**** MATERIAL PROVIDED ****

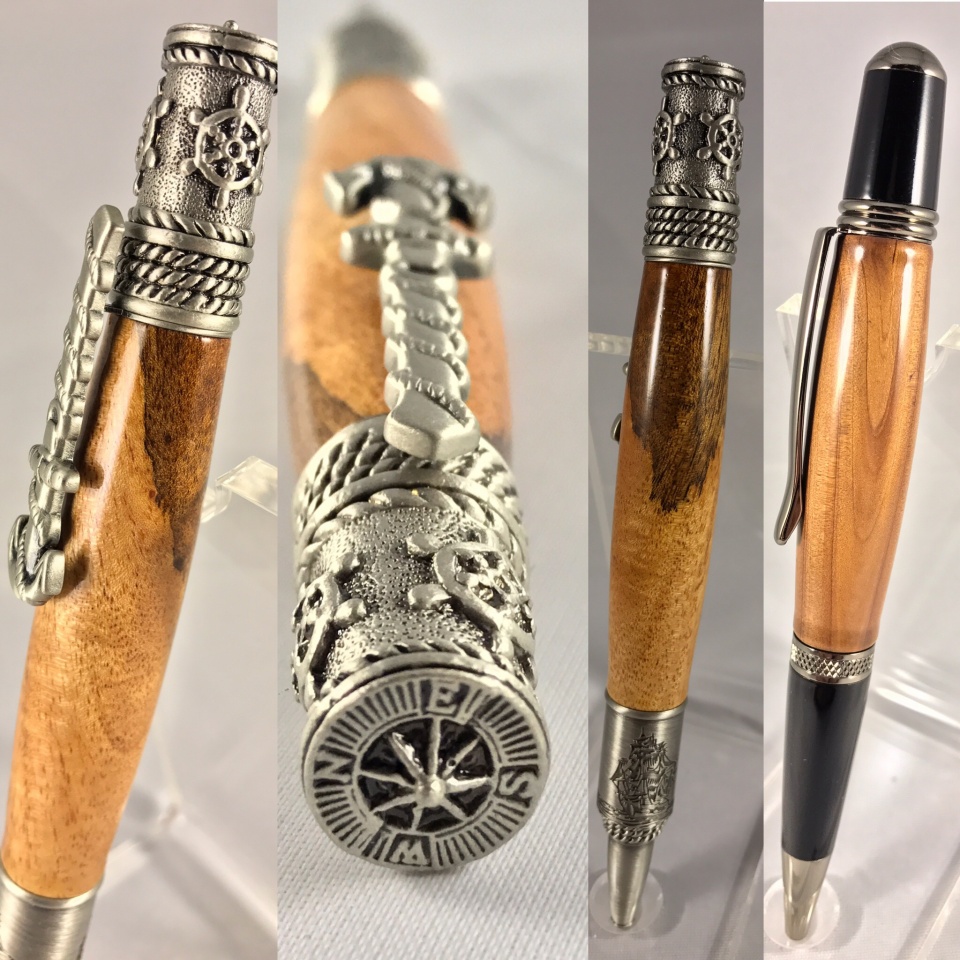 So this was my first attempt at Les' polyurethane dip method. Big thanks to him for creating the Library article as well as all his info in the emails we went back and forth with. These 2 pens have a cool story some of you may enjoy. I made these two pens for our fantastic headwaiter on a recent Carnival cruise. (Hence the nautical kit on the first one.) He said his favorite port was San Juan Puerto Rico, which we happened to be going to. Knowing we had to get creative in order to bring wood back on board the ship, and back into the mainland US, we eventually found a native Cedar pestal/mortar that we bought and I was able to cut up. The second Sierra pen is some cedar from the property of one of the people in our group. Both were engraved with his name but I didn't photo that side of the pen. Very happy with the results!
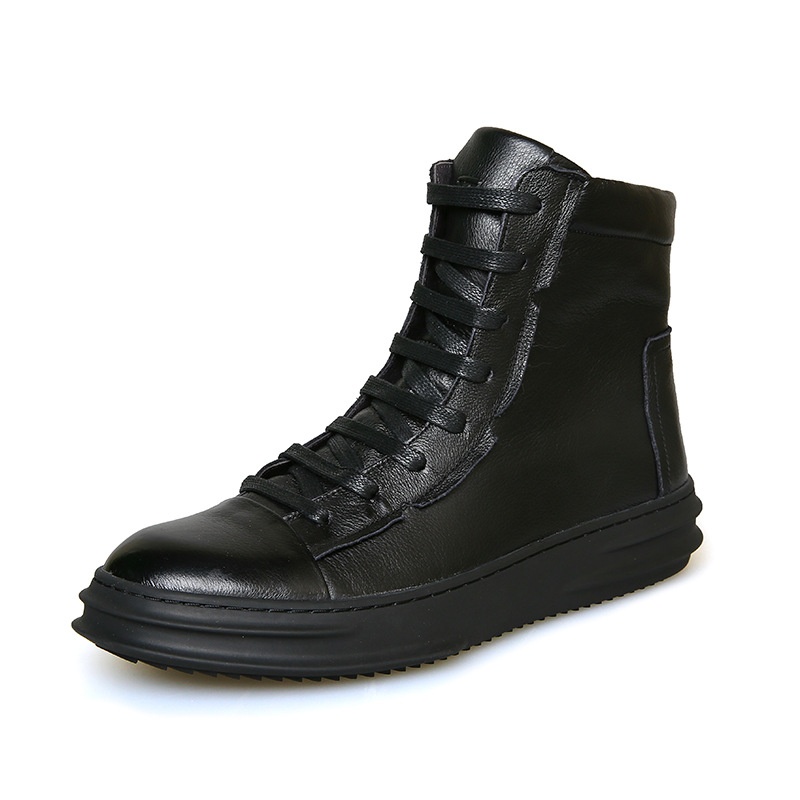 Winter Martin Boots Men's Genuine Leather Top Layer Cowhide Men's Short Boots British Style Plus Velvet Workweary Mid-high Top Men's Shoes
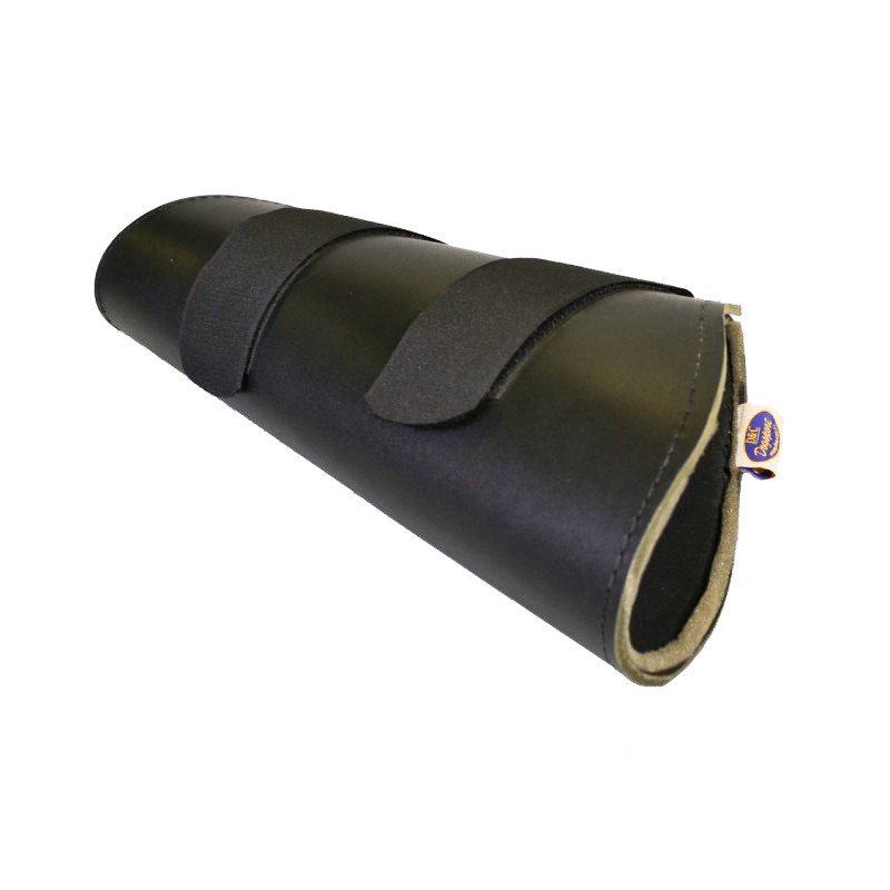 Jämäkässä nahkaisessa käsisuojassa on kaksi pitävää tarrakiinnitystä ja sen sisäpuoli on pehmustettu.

****

### TASK ITEM
The expected output is the exact run of lines from the first line of the material above through the line that contains "Winter Martin Boots", minus any pictures.

### RESPONSE
 So this was my first attempt at Les' polyurethane dip method. Big thanks to him for creating the Library article as well as all his info in the emails we went back and forth with. These 2 pens have a cool story some of you may enjoy. I made these two pens for our fantastic headwaiter on a recent Carnival cruise. (Hence the nautical kit on the first one.) He said his favorite port was San Juan Puerto Rico, which we happened to be going to. Knowing we had to get creative in order to bring wood back on board the ship, and back into the mainland US, we eventually found a native Cedar pestal/mortar that we bought and I was able to cut up. The second Sierra pen is some cedar from the property of one of the people in our group. Both were engraved with his name but I didn't photo that side of the pen. Very happy with the results!
 Winter Martin Boots Men's Genuine Leather Top Layer Cowhide Men's Short Boots British Style Plus Velvet Workweary Mid-high Top Men's Shoes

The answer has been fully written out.